» **EXERCISE OBJECTIVE**:
Leave out the pictures and transcribe every entry below exactly.

» **EXTRACTED ENTRIES**:
================================
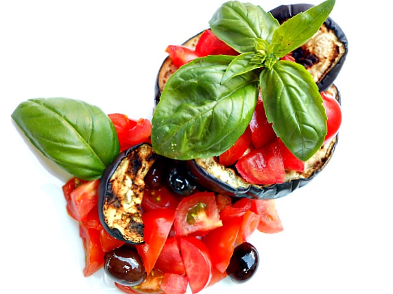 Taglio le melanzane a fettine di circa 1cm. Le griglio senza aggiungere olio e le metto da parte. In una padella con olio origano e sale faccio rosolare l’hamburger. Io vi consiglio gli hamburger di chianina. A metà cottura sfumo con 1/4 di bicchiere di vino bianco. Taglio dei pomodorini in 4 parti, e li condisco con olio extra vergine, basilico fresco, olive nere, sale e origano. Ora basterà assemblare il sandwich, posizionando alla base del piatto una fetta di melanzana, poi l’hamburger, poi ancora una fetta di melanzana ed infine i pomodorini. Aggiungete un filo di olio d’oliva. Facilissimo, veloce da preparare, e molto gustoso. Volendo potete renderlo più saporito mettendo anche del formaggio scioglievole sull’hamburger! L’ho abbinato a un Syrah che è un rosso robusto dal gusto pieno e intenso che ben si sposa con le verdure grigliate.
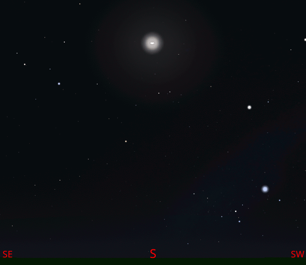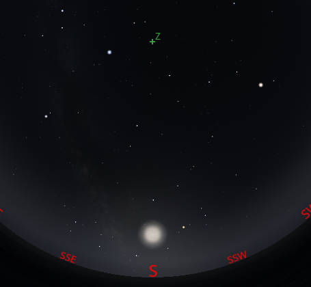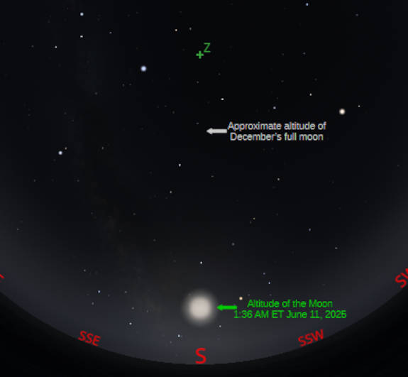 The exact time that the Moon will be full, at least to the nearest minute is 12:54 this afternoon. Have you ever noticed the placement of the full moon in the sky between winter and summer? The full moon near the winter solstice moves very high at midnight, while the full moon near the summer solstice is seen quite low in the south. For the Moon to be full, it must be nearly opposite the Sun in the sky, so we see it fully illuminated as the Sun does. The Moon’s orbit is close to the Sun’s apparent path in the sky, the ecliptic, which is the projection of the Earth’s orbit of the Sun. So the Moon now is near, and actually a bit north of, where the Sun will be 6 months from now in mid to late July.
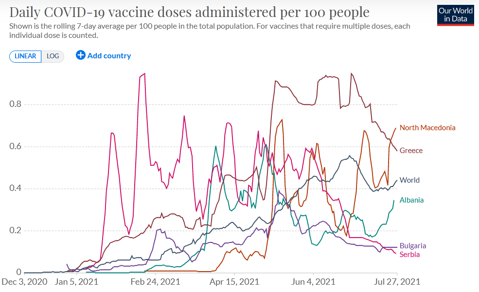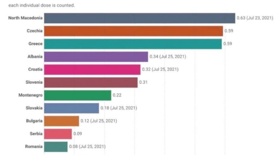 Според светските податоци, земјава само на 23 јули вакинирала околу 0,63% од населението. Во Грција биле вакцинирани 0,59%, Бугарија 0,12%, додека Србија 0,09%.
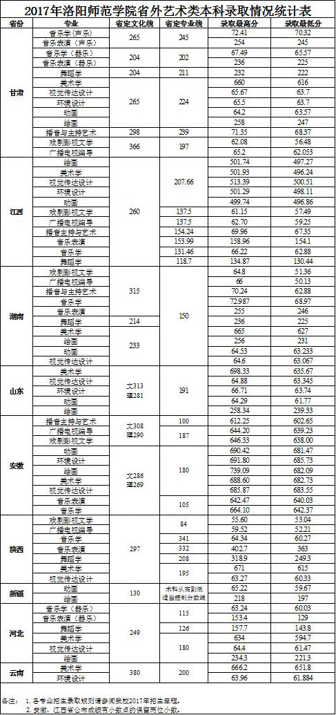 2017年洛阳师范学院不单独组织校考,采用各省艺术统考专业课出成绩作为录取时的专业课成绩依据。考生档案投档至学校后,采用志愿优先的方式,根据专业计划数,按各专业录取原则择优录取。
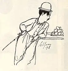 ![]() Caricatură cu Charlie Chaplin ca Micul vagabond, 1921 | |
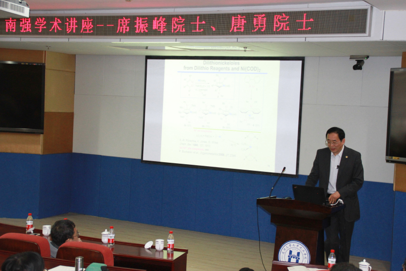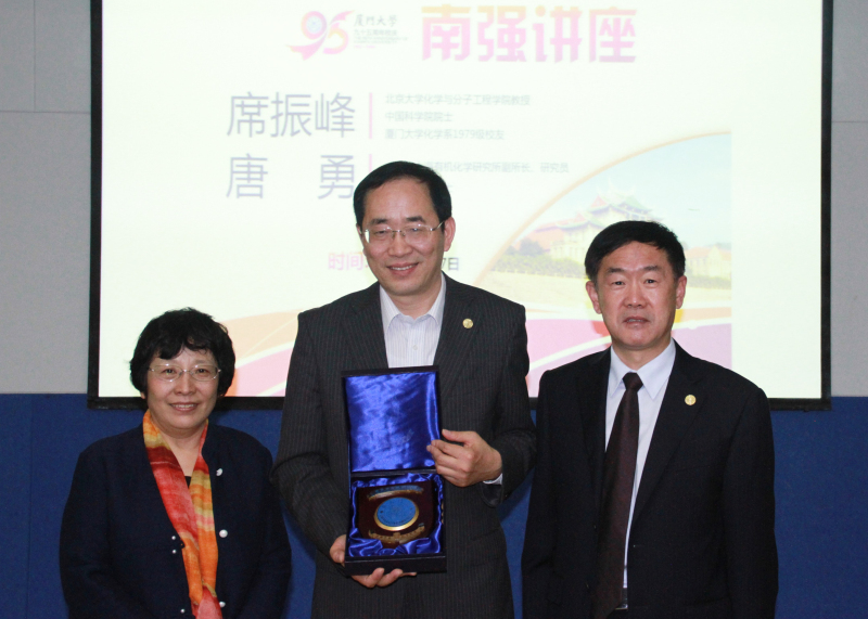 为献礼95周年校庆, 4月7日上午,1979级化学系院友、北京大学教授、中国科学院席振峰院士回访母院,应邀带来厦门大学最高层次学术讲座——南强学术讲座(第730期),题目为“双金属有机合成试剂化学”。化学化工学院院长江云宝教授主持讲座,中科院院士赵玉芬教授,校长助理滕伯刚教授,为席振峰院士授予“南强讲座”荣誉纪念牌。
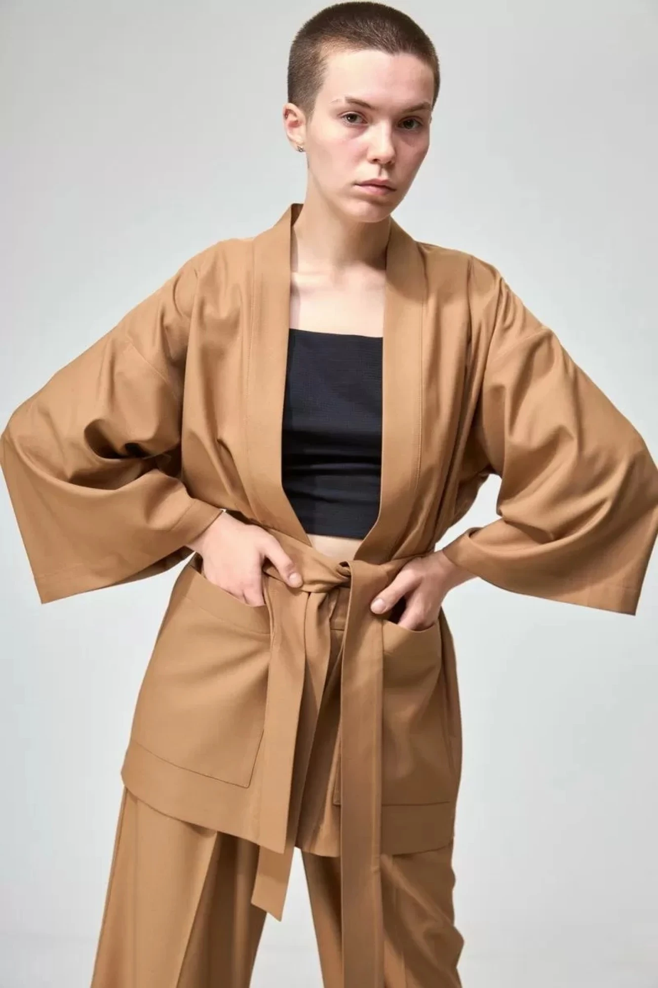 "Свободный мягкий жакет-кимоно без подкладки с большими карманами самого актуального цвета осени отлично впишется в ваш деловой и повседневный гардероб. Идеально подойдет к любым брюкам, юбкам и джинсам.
================================
» **YOUR RESPONSE**:
 Taglio le melanzane a fettine di circa 1cm. Le griglio senza aggiungere olio e le metto da parte. In una padella con olio origano e sale faccio rosolare l’hamburger. Io vi consiglio gli hamburger di chianina. A metà cottura sfumo con 1/4 di bicchiere di vino bianco. Taglio dei pomodorini in 4 parti, e li condisco con olio extra vergine, basilico fresco, olive nere, sale e origano. Ora basterà assemblare il sandwich, posizionando alla base del piatto una fetta di melanzana, poi l’hamburger, poi ancora una fetta di melanzana ed infine i pomodorini. Aggiungete un filo di olio d’oliva. Facilissimo, veloce da preparare, e molto gustoso. Volendo potete renderlo più saporito mettendo anche del formaggio scioglievole sull’hamburger! L’ho abbinato a un Syrah che è un rosso robusto dal gusto pieno e intenso che ben si sposa con le verdure grigliate.
 The exact time that the Moon will be full, at least to the nearest minute is 12:54 this afternoon. Have you ever noticed the placement of the full moon in the sky between winter and summer? The full moon near the winter solstice moves very high at midnight, while the full moon near the summer solstice is seen quite low in the south. For the Moon to be full, it must be nearly opposite the Sun in the sky, so we see it fully illuminated as the Sun does. The Moon’s orbit is close to the Sun’s apparent path in the sky, the ecliptic, which is the projection of the Earth’s orbit of the Sun. So the Moon now is near, and actually a bit north of, where the Sun will be 6 months from now in mid to late July.
 Според светските податоци, земјава само на 23 јули вакинирала околу 0,63% од населението. Во Грција биле вакцинирани 0,59%, Бугарија 0,12%, додека Србија 0,09%.
 2017年洛阳师范学院不单独组织校考,采用各省艺术统考专业课出成绩作为录取时的专业课成绩依据。考生档案投档至学校后,采用志愿优先的方式,根据专业计划数,按各专业录取原则择优录取。
 ![]() Caricatură cu Charlie Chaplin ca Micul vagabond, 1921 | |
 为献礼95周年校庆, 4月7日上午,1979级化学系院友、北京大学教授、中国科学院席振峰院士回访母院,应邀带来厦门大学最高层次学术讲座——南强学术讲座(第730期),题目为“双金属有机合成试剂化学”。化学化工学院院长江云宝教授主持讲座,中科院院士赵玉芬教授,校长助理滕伯刚教授,为席振峰院士授予“南强讲座”荣誉纪念牌。
 "Свободный мягкий жакет-кимоно без подкладки с большими карманами самого актуального цвета осени отлично впишется в ваш деловой и повседневный гардероб. Идеально подойдет к любым брюкам, юбкам и джинсам.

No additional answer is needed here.